Doing precise timing tests on my system display device (or perils thereof)

I have a low end GPU which I bought for use as my system (Windows) display device. I’m using it for CUDA development work, for what I hope will be a high performing application. Before I invest in a more powerful GPU and look for development partners, I’d like to have some confidence that my code is capable of running at near 100% of the compute capacity of the ultimate target device.
If any of you think this is a fool’s errand, please tell me.
Otherwise, I want to get some reasonable timings of the kernel code on my present device. The kernel is predominantly compute bound and does little communication with the host.

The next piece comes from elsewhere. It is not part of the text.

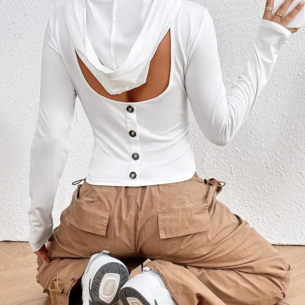 SMY Gorgeous Trend Hooded Women’s Slim Fit Backless Hooded Women’s T-Shirt

Ideally, the clock() interval should be the exactly the same for the same code most of the time.
However, when the times get up to 200 or more cycles, the actual interval samples are so far spread out that I cannot tell how long the code actually takes when nothing is interfering with it.
My device has only a single Kepler SMX, and it is being used for all the system display functions. I would like to reserve half of the SMX for my kernel, which is 96 of the CUDA cores and two warp schedulers. If the second warp scheduler can be kept idle, and the first one running nothing but my kernel, then supposedly it should run the same speed all (or almost all) of the time. Then my clock intervals would be a lot more useful to me.
My device does indeed support priorities, with levels 0 and -1. Do you think this would help my kernel get more processing cycles. And what functions could I call to control the warp schedulers? Is it possible to write a second kernel for the second scheduler that will not interfere with instruction dispatch by the first scheduler – if so, then I might assign both of these kernels to the same pair of schedulers and reserve them.

You don’t have the ability to individually control warp schedulers, or split up a SMX the way you are suggesting. Priorities don’t allow you to arbitrate between CUDA and graphics.

If you want to reserve a device for CUDA, and in general my recommendation for CUDA work, I would switch to linux.

I would recommend getting a more powerful device dedicated to CUDA as soon as possible, and devote your existing card to driving the display.
My experience when I started with CUDA a while ago was that the scaling did not work out as I anticipated, and I had to rework large parts of my code.
CUDA has become more forgiving to non-optimal code since, and easier to use in general. So my experience may not directly translate to contemporary CUDA versions and GPUs, where even low-end devices are much more powerful now. But I’d believe it still makes a difference, and timing code on a WDDM device also driving the display is so hard I wouldn’t even try.

On Windows you’d want a card you can put into TCC mode (Tesla, or apparently (some?) Titans which you’ll now have to buy second hand).